_WORK ITEM_
Below are several records. Retype exactly those lines running from the one with "2024年045期牛彩网体彩P3画迷图谜汇总分享" through the one with "97%поиск работы среди", end lines included, and no others.

─── SUPPLIED INFORMATION ───

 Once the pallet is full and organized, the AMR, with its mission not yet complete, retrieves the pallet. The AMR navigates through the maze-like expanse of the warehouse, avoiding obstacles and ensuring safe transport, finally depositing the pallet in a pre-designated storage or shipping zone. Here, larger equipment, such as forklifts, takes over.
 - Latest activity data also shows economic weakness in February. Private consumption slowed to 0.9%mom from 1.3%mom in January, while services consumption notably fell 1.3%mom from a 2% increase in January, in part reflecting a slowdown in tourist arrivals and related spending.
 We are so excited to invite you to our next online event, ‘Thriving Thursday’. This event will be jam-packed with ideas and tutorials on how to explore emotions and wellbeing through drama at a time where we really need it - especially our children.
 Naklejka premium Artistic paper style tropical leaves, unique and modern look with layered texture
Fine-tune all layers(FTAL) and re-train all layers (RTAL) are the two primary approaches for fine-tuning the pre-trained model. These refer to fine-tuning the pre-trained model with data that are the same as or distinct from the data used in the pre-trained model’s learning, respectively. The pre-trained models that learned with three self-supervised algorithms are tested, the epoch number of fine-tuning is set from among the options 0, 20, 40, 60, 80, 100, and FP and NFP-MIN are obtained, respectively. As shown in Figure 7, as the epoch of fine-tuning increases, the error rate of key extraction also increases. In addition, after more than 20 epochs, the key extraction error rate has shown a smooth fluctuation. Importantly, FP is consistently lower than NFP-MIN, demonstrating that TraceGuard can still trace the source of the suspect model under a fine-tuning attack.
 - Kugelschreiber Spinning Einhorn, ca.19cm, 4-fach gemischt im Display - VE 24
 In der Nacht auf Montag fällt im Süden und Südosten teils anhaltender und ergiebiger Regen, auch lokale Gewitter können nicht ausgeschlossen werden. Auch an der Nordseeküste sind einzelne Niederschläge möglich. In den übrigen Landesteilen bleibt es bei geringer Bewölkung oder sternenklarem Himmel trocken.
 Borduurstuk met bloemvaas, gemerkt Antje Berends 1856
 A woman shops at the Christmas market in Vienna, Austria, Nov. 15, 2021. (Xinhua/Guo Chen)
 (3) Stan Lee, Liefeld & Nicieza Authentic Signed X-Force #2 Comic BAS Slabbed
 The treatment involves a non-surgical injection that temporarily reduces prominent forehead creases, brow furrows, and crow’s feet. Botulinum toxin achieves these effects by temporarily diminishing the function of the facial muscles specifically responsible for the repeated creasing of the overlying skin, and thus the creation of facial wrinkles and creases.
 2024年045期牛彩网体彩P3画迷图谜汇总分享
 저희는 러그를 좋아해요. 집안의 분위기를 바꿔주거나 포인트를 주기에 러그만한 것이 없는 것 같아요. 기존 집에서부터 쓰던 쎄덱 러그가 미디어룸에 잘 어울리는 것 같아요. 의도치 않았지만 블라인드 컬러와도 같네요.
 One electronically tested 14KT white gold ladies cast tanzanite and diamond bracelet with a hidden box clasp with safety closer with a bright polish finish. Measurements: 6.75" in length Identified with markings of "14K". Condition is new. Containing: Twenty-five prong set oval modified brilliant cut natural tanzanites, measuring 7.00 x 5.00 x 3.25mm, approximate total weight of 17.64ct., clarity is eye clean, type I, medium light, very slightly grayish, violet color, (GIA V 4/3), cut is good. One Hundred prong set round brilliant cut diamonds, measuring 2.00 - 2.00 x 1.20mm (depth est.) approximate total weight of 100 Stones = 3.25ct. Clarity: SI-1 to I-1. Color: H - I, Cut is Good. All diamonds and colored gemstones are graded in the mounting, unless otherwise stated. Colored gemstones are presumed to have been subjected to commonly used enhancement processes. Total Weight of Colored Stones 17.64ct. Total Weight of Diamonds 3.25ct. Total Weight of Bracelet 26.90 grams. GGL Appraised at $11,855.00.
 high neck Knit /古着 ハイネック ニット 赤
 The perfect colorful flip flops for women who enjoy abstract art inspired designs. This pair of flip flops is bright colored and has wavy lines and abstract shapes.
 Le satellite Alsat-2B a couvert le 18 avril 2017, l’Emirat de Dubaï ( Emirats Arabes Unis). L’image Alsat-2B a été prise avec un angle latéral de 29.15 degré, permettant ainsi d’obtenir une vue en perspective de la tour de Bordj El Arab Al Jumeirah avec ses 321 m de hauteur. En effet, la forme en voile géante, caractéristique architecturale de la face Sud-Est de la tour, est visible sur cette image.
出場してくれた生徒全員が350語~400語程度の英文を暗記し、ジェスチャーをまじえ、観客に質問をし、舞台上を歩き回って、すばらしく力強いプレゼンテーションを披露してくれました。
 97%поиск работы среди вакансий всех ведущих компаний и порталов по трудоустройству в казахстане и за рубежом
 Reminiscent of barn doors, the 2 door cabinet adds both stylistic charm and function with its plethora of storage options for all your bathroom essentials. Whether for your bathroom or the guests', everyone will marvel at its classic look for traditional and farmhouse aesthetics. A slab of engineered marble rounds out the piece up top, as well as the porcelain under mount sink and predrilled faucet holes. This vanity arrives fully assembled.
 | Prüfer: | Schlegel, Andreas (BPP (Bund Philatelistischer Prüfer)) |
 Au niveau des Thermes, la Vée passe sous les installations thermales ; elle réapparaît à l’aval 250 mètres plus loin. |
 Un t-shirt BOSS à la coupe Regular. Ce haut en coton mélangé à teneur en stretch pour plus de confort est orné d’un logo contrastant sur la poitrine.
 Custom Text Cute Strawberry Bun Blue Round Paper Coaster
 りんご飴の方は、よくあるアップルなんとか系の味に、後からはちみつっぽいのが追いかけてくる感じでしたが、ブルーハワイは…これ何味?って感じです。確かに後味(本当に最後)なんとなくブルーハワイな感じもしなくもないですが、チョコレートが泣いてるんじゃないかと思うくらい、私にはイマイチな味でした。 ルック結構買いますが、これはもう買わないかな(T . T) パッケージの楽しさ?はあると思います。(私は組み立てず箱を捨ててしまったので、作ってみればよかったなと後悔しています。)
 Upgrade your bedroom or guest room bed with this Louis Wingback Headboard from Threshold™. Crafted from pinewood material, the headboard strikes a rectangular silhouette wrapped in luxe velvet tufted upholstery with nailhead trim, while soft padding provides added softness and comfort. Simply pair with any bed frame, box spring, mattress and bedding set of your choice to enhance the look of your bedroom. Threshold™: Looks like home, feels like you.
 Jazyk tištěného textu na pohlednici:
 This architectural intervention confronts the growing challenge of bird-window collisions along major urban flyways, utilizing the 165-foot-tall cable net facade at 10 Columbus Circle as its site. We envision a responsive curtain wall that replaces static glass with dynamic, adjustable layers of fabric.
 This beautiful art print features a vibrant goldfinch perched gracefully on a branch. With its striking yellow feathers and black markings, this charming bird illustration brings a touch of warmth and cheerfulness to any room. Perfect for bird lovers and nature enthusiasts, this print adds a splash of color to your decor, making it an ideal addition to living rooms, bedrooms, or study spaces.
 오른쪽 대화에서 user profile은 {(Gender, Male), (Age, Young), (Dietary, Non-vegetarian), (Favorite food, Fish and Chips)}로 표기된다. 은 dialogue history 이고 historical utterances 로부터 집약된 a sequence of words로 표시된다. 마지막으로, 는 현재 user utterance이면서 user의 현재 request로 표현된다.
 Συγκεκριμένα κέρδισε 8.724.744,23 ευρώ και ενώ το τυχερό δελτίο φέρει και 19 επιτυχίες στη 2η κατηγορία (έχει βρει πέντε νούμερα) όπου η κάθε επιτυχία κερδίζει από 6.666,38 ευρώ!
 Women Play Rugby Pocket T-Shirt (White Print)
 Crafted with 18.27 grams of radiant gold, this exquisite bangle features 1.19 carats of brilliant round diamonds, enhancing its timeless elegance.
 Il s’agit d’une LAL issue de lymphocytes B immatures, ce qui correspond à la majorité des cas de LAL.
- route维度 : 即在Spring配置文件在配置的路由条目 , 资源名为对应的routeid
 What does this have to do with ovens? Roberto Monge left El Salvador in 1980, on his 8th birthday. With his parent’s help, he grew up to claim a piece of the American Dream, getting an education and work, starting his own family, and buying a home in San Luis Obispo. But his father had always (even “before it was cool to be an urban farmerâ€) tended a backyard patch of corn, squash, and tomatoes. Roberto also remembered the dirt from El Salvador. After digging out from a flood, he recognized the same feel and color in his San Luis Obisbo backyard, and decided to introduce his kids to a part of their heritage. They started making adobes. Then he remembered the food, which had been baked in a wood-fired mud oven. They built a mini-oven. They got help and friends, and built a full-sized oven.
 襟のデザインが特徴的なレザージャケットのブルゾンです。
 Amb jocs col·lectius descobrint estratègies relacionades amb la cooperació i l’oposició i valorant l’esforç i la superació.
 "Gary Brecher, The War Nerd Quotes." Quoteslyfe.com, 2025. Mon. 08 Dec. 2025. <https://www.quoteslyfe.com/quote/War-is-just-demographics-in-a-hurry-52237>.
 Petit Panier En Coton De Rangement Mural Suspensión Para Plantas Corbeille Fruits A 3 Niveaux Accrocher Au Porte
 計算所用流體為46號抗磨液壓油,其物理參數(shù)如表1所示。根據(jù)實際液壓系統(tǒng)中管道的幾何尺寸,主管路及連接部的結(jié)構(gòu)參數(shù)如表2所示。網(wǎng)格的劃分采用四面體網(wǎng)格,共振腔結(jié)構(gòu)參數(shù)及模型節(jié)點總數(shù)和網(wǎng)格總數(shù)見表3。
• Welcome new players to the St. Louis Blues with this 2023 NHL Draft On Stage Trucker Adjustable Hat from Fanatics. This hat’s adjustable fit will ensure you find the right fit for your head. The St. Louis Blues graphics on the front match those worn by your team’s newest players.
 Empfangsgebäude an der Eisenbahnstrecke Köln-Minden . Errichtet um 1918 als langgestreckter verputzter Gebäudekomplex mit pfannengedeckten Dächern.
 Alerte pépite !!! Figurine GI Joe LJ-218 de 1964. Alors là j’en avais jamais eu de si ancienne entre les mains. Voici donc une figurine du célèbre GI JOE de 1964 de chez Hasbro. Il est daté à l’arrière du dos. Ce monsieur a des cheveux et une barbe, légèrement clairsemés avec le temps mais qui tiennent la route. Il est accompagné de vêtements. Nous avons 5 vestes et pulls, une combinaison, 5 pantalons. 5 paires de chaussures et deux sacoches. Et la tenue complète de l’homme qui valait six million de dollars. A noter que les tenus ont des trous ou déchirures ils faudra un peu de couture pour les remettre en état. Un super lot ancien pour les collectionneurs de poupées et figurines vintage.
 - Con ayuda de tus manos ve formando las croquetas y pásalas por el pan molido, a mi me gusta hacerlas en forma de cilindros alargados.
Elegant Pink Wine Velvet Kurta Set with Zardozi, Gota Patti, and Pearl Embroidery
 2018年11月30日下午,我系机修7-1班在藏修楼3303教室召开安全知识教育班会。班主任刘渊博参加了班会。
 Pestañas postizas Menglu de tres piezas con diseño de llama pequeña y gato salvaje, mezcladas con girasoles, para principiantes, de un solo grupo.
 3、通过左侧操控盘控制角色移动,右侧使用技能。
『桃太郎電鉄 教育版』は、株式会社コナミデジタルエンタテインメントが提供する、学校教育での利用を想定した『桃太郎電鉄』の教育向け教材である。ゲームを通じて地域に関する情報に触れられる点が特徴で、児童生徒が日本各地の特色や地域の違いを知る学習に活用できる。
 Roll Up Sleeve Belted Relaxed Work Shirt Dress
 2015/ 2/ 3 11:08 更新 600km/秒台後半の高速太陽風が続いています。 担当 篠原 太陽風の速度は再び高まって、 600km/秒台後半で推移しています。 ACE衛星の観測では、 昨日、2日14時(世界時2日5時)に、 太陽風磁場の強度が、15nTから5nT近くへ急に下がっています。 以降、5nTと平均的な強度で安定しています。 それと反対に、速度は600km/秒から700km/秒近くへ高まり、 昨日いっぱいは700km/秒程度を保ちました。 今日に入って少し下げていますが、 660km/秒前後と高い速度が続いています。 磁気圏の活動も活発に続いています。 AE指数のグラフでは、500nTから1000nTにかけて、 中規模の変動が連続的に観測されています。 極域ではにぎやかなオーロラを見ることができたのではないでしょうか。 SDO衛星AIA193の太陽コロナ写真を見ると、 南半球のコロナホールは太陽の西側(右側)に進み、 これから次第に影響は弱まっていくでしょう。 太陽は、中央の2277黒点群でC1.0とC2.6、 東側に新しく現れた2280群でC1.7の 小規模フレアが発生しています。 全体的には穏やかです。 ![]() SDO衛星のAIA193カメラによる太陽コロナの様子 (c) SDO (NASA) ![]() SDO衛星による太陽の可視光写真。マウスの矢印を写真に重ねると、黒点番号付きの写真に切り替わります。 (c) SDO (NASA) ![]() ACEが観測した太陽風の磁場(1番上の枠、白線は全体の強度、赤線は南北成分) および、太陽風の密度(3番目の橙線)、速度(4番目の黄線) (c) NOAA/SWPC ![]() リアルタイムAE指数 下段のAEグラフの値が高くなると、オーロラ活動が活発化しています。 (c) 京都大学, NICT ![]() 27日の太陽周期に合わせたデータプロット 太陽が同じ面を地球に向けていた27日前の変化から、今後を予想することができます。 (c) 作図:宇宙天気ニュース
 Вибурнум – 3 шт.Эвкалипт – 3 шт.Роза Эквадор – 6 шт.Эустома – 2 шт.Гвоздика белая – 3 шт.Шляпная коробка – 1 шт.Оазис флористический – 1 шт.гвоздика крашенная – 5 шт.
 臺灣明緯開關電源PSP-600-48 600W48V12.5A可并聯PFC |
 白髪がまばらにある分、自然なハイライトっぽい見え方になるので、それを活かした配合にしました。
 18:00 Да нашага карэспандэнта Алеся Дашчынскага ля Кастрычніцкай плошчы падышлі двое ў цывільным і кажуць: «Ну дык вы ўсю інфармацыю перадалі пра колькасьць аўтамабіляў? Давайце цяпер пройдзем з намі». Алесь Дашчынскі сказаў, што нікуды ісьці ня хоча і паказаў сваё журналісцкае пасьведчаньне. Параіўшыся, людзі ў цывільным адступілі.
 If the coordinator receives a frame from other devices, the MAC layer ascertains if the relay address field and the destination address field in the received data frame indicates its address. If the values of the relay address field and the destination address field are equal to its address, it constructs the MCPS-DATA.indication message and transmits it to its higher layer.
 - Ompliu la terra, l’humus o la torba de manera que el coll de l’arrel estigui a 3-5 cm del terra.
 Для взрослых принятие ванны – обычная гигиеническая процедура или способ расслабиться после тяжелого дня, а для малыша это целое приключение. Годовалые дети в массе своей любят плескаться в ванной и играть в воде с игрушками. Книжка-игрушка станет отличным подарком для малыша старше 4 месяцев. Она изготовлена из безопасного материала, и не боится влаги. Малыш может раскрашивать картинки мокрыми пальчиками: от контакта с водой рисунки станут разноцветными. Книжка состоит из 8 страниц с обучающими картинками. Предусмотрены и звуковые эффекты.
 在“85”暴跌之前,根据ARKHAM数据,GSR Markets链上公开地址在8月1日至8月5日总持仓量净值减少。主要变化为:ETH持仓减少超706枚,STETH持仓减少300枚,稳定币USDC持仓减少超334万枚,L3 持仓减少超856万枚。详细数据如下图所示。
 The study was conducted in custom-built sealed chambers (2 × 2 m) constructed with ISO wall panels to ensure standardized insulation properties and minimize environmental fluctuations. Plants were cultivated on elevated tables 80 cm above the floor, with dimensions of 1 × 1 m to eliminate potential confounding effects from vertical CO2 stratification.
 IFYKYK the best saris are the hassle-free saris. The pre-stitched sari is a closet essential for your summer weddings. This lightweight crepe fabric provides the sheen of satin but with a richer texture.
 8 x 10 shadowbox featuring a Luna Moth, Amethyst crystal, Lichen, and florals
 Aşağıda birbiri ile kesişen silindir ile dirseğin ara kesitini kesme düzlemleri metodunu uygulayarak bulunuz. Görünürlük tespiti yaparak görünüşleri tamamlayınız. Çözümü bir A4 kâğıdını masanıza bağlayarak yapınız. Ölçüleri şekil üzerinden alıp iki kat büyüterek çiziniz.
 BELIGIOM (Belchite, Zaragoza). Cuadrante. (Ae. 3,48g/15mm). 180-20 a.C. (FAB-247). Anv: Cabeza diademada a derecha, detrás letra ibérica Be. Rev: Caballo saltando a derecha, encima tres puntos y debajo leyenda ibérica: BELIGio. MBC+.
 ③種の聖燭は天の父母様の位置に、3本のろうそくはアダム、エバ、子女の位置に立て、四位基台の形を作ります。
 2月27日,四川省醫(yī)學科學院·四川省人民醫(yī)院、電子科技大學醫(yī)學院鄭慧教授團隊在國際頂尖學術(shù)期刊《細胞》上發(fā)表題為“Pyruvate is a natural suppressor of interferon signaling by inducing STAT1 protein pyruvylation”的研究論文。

───

_RESPONSE TO THIS TASK_
 2024年045期牛彩网体彩P3画迷图谜汇总分享
 저희는 러그를 좋아해요. 집안의 분위기를 바꿔주거나 포인트를 주기에 러그만한 것이 없는 것 같아요. 기존 집에서부터 쓰던 쎄덱 러그가 미디어룸에 잘 어울리는 것 같아요. 의도치 않았지만 블라인드 컬러와도 같네요.
 One electronically tested 14KT white gold ladies cast tanzanite and diamond bracelet with a hidden box clasp with safety closer with a bright polish finish. Measurements: 6.75" in length Identified with markings of "14K". Condition is new. Containing: Twenty-five prong set oval modified brilliant cut natural tanzanites, measuring 7.00 x 5.00 x 3.25mm, approximate total weight of 17.64ct., clarity is eye clean, type I, medium light, very slightly grayish, violet color, (GIA V 4/3), cut is good. One Hundred prong set round brilliant cut diamonds, measuring 2.00 - 2.00 x 1.20mm (depth est.) approximate total weight of 100 Stones = 3.25ct. Clarity: SI-1 to I-1. Color: H - I, Cut is Good. All diamonds and colored gemstones are graded in the mounting, unless otherwise stated. Colored gemstones are presumed to have been subjected to commonly used enhancement processes. Total Weight of Colored Stones 17.64ct. Total Weight of Diamonds 3.25ct. Total Weight of Bracelet 26.90 grams. GGL Appraised at $11,855.00.
 high neck Knit /古着 ハイネック ニット 赤
 The perfect colorful flip flops for women who enjoy abstract art inspired designs. This pair of flip flops is bright colored and has wavy lines and abstract shapes.
 Le satellite Alsat-2B a couvert le 18 avril 2017, l’Emirat de Dubaï ( Emirats Arabes Unis). L’image Alsat-2B a été prise avec un angle latéral de 29.15 degré, permettant ainsi d’obtenir une vue en perspective de la tour de Bordj El Arab Al Jumeirah avec ses 321 m de hauteur. En effet, la forme en voile géante, caractéristique architecturale de la face Sud-Est de la tour, est visible sur cette image.
出場してくれた生徒全員が350語~400語程度の英文を暗記し、ジェスチャーをまじえ、観客に質問をし、舞台上を歩き回って、すばらしく力強いプレゼンテーションを披露してくれました。
 97%поиск работы среди вакансий всех ведущих компаний и порталов по трудоустройству в казахстане и за рубежом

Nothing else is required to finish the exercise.